So for my statistics class I am taking this semester we've been working on continuous random variables and we have one question that the teacher did not cover at all nor his notes, and it has to deal with piecewise functions.
I'm given the piecewise PDF f(x) = x + 1 for -1 < x < 0 and -x + 1 for 0 < x < 1.
I do know that to get from a PDF to a CDF you need to integrate the function which I did for both of these giving me x^2/2 + x and -x^2/2 + x. This question given in the book has the answer given in the back of the book and it has a + 1/2 on the end of both CDF functions.

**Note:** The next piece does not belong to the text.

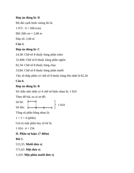 Câu 4. Một hình vuông có chu vi là 1 072 cm. Độ dài cạnh hình vuông đó là: (0,5 điểm) A. 0,0265 m B. 2,53 cm C. 4,54 dm D. 2,68 m
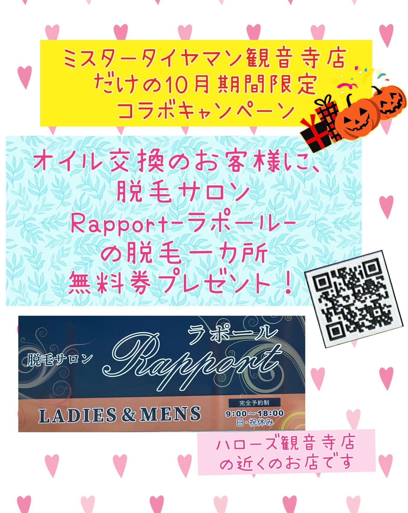 10月期間限定コラボキャンペーンのご案内<観音寺店のみ> 2023年10月23日 10月のみの期間限定コラボキャンペーンのご案内です! オイル交換をして頂いたお客様に 脱毛サロンRapport~ラポール~さんの 脱毛一か所(ひじ下・ひざ下・脇・鼻下etc)無料券をプレゼント! このお得な機会に是非ご来店下さい(*'ω'*)

My question is so I understand what is going here, where does that 1/2 come from in this question because the teacher never went over problems involving piecewise functions just single functions, and also the book doesn't ever mention piecewise functions either.
Best Answer
In general an indefinite integral should have a "$+C$" term. You actually want the cumulative distribution function $F(x)$ - the probability of seeing the value $x$ or below - to be the definite integral of the density function from $-\infty$ to $x$.
You want $F(-\infty)=0$ and $F(\infty)=1$ in general.
Since in your example the density is zero below $x=-1$ and above $x=1$, you want $F(-1)=0$ and $F(1)=1$ in this particular case. A continuous random variable random variable has a continuous cumulative distribution function, and in particular $F(x)$ needs to be be continuous where the piecewise densities meet, in this particular case at $x=0$. These together will give you the relevant constants.
For $-1 \le x \le 0$, you want $F(x)=\displaystyle \int_{y=-1}^x (y+1)\,dy$.
For $0 \lt x \le 1$, you want $F(x)=\displaystyle \int_{y=-1}^0 (y+1)\,dy +\int_{y=0}^x (-y+1)\,dy$.